● **Description of the task**
Dropping every picture, set down exactly the lines in the entries below, starting with the line with "Menge: 650 Etiketten" and going on through the line with "Pandora 925 Silver".

● **Records provided**
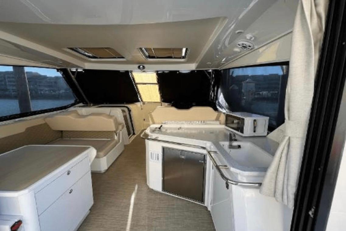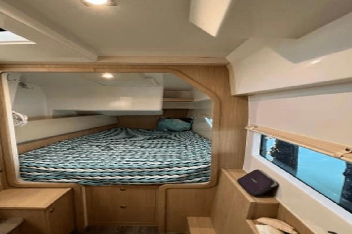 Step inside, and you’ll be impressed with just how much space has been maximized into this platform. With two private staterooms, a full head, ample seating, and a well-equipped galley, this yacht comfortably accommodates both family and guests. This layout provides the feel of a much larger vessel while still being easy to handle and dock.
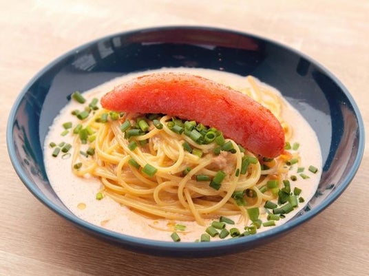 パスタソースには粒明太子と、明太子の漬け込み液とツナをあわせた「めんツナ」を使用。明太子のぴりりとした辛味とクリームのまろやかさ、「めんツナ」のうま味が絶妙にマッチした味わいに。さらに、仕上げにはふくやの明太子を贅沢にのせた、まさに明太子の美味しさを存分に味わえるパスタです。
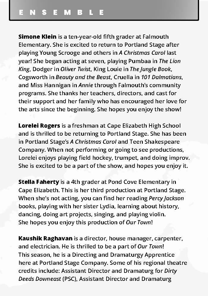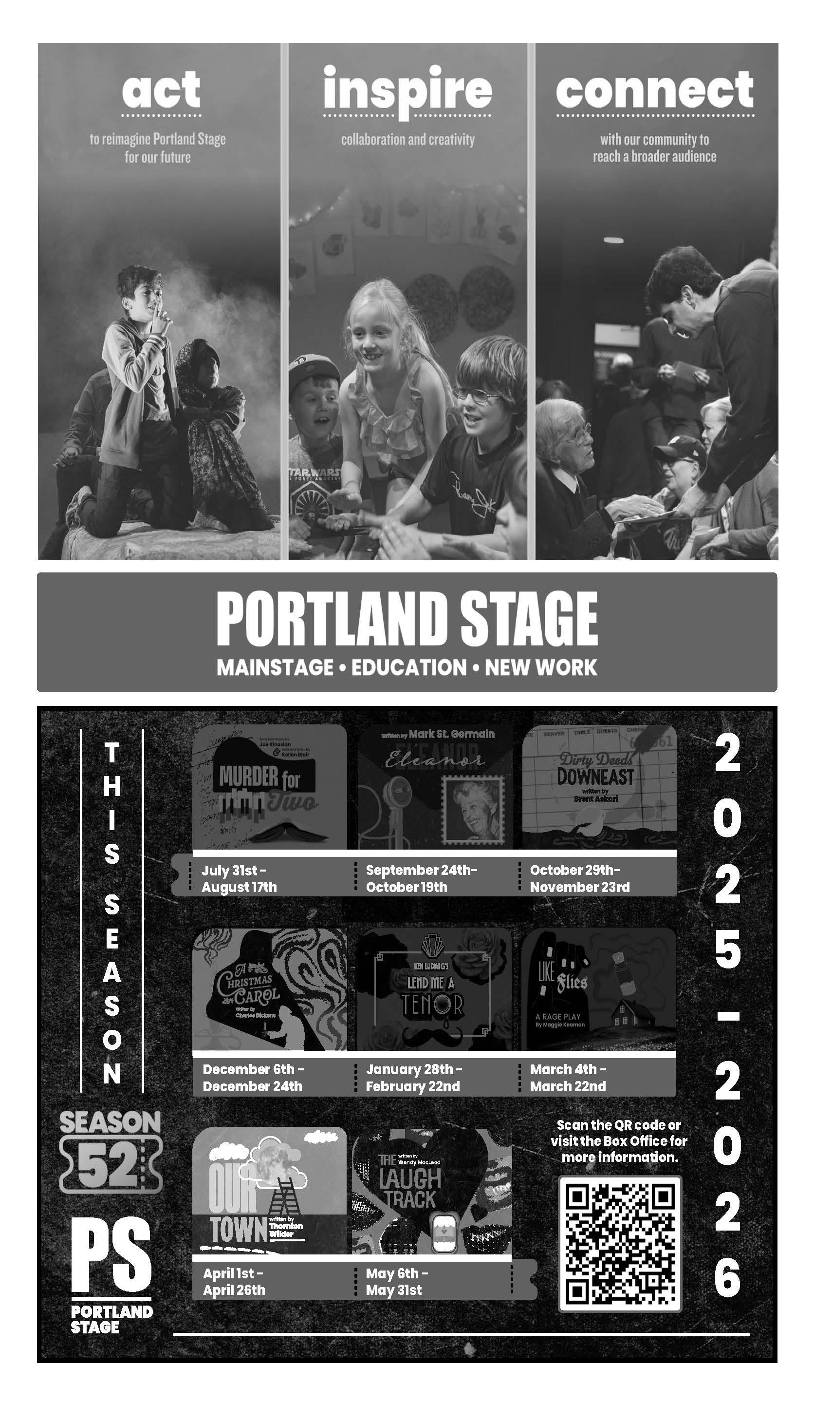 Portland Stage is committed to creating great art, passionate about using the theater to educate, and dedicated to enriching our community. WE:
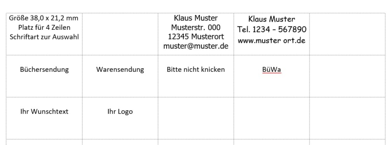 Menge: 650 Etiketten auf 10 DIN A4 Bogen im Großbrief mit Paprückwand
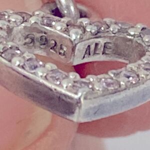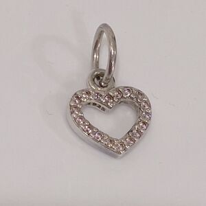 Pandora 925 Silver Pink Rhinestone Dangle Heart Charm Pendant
--
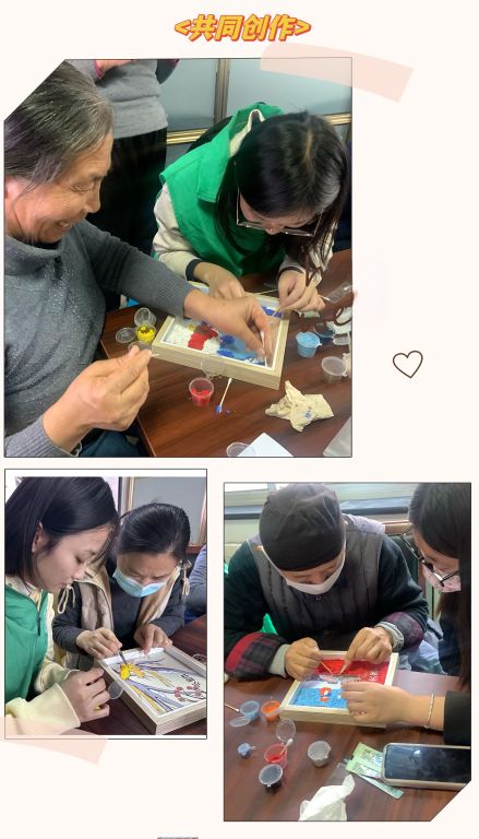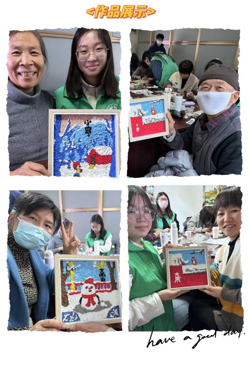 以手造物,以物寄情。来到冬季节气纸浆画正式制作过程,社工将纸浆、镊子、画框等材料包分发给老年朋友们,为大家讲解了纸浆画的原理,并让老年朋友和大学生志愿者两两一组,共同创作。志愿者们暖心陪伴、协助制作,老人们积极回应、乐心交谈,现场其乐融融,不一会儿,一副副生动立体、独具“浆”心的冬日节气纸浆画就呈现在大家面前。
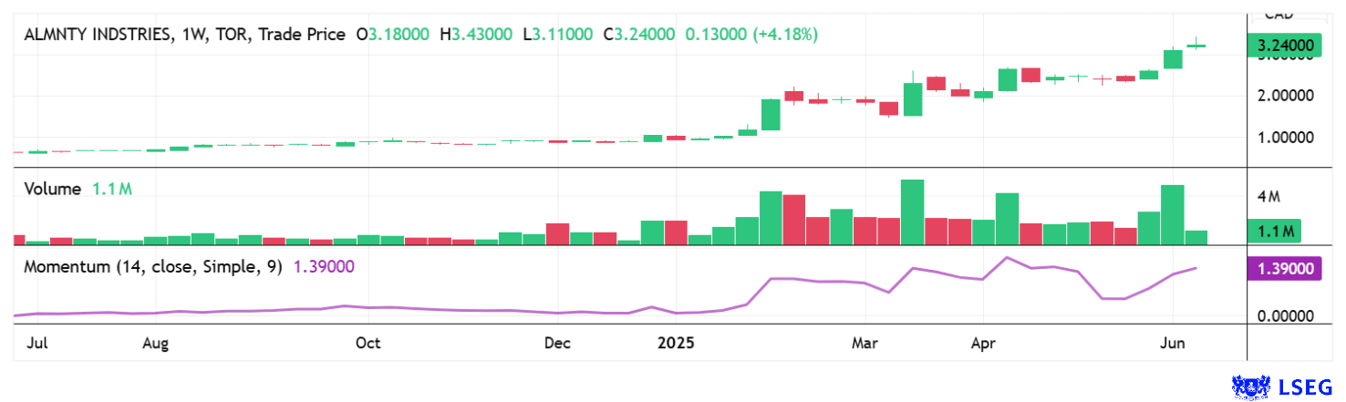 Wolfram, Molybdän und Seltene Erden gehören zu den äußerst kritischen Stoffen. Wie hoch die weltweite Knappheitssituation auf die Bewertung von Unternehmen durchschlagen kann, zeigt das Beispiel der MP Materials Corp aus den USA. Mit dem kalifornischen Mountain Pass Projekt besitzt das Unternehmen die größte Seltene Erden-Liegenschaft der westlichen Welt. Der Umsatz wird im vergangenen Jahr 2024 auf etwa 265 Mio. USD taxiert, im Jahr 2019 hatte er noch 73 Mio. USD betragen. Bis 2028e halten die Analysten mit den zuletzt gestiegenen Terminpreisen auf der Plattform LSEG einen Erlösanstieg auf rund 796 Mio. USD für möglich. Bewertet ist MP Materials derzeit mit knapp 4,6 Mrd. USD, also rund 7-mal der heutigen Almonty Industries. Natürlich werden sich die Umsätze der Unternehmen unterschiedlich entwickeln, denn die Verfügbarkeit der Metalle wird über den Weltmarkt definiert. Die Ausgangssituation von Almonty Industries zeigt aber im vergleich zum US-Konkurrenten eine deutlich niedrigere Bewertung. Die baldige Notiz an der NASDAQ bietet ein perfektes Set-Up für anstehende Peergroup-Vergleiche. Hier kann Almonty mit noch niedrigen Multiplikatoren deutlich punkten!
==
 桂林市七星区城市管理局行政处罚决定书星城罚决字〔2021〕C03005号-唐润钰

● **Reply to the task**
 Menge: 650 Etiketten auf 10 DIN A4 Bogen im Großbrief mit Paprückwand
 Pandora 925 Silver Pink Rhinestone Dangle Heart Charm Pendant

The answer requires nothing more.